The third randomized study, BENEFIT,⁵ evaluated the quadruplet of isatuximab/VRd vs the triplet of isatuximab plus lenalidomide/dexamethasone (Rd). There were important differences in this trial in that one arm (isatuximab/Rd) did not contain the proteasome inhibitor bortezomib, and in the bortezomib-containing arm, bortezomib was given weekly 3 out of 4 weeks for 12 months and then every other week for an additional 6 months. “The hope was that less frequent dosing of bortezomib would allow for less neuropathy and thus allow a longer treatment duration of bortezomib,” Dr. Martin explained. In most upfront trials, bortezomib has been given twice weekly for approximately 8 to 9 months.

“Although the follow-up is short [23 months] in BENEFIT, there was a significant improvement in the achievement of MRD negativity and complete response with MRD negativity and a lower incidence of grade ≥ 3 peripheral neuropathy,” he noted. “I think these results demonstrate that quadruplet-based therapy with a CD38 antibody plus VRd should be considered standard of care in transplant-ineligible patients.”

DISCLOSURE: Dr. Dimopoulos has received honoraria from Amgen, BeiGene, Bristol Myers Squibb, Janssen, Sanofi, and Takeda. Dr. Martin has consulted for GSK and Pfizer and has received research funding from Sanofi, Johnson & Johnson, Bristol Myers Squibb, and Amgen.

REFERENCES

1. Facon T, Dimopoulos M, Leleu X, et al: Phase 3 study results of isatuximab, bortezomib, lenalidomide, and dexamethasone (Isa-VRd) versus VRd for transplant-ineligible patients with newly diagnosed multiple myeloma (IMROZ). 2024 International Myeloma Society Annual Meeting. Abstract OA-49. Presented September 26, 2024.
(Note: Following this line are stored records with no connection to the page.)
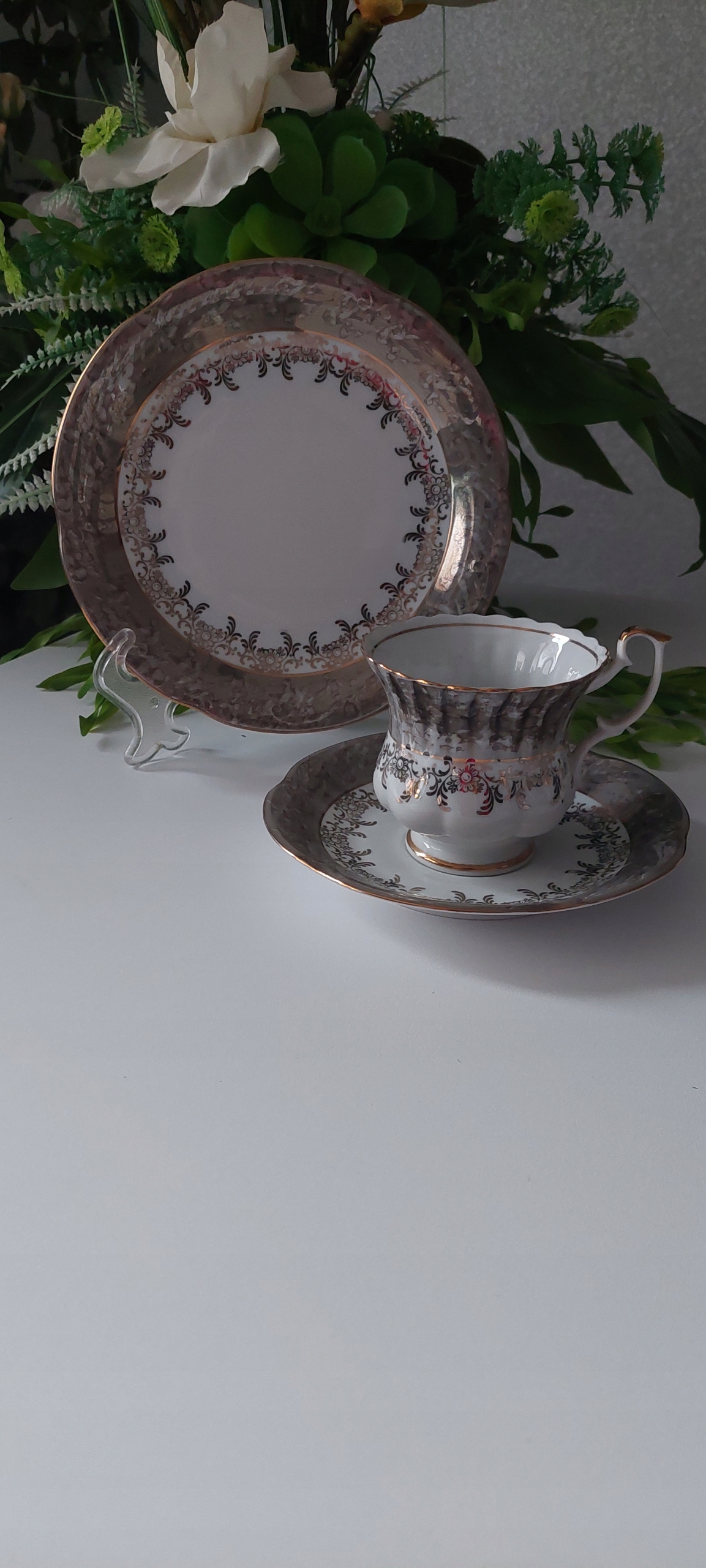 Трио с размерами: высота чашки 8см, диаметр наполнителя 8см, диаметр тарелки для чашки 15см, диаметр десертной тарелки 19см.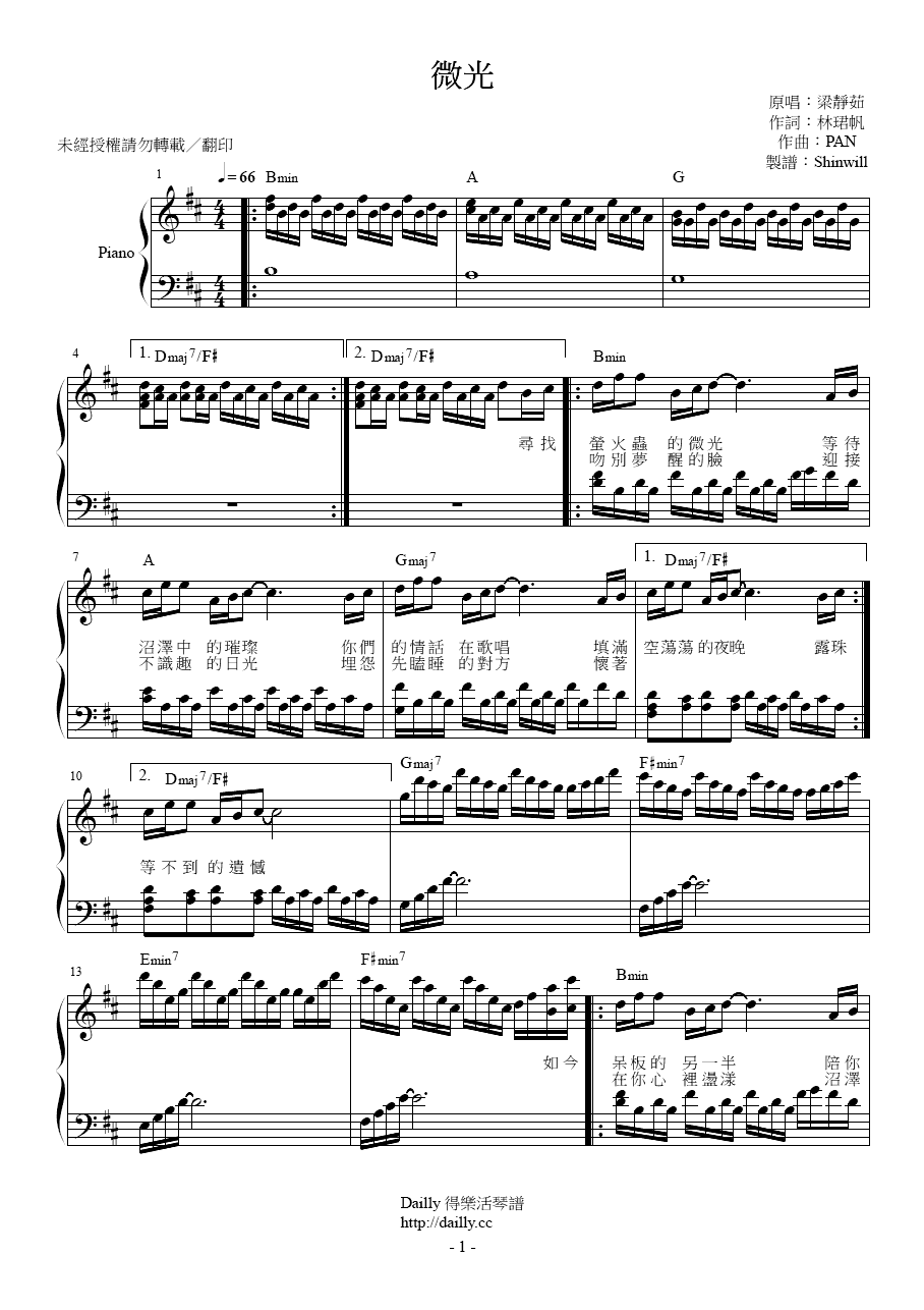 以下是該琴譜的第 1 頁預覽,完整琴譜共 4 頁,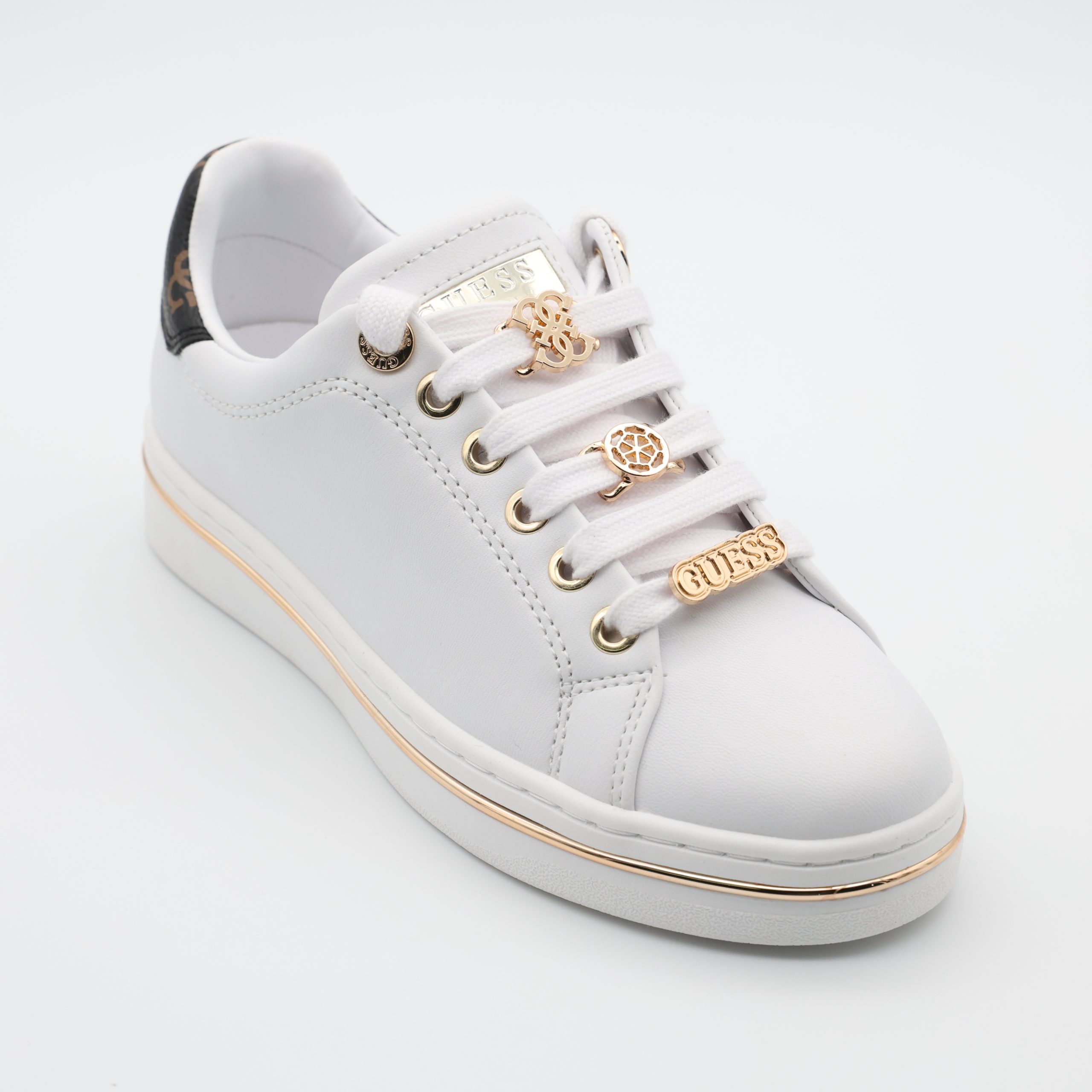 O Stasey é o sneaker perfeito para quem gosta de elegância descontraída. O design moderno em material sintético laminado ganha vida com o icónico padrão 4G da Guess e detalhes metálicos que iluminam o look. Um modelo versátil e sofisticado — ideal para combinar com jeans, vestidos ou coordenados urbanos.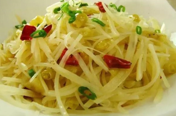 一会儿功夫土豆丝就好了,我都迫不及待要尝一口,味道棒极了!我把妈妈的事情扔在脑后,便狼吞虎咽地吃了起来。一旁的妈妈说:"慢点,慢点,没人跟你抢。"

2. Facon T, Dimopoulos MA, Leleu XP, et al: Isatuximab, bortezomib, lenalidomide, and dexamethasone for multiple myeloma. N Engl J Med 391:1597-1609, 2024.

3. Usmani SZ, Facon T, Hungria V, et al: Daratumumab SC + bortezomib/lenalidomide/dexamethasone in patients with transplant-ineligible or transplant-deferred newly diagnosed multiple myeloma: results of the phase 3 CEPHEUS study. 2024 International Myeloma Society Annual Meeting. Abstract OA-63. Presented September 27, 2024.

4. Facon T, Kumar SK, Plesner T, et al: Daratumumab, lenalidomide, and dexamethasone versus lenalidomide and dexamethasone alone in newly diagnosed multiple myeloma (MAIA): Overall survival results from a randomised, open-label, phase 3 trial. Lancet Oncol 22:1582-1596, 2021.

5. Leleu X, Hulin C, Lambert J, et al: Isatuximab plus lenalidomide and dexamethasone with weekly bortezomib versus isatuximab plus lenalidomide and dexamethasone in newly diagnosed transplant ineligible multiple myeloma. The BENEFIT (IFM 2020-05) study. 2024 International Myeloma Society Annual Meeting. Abstract OA-52. Presented September 26, 2024.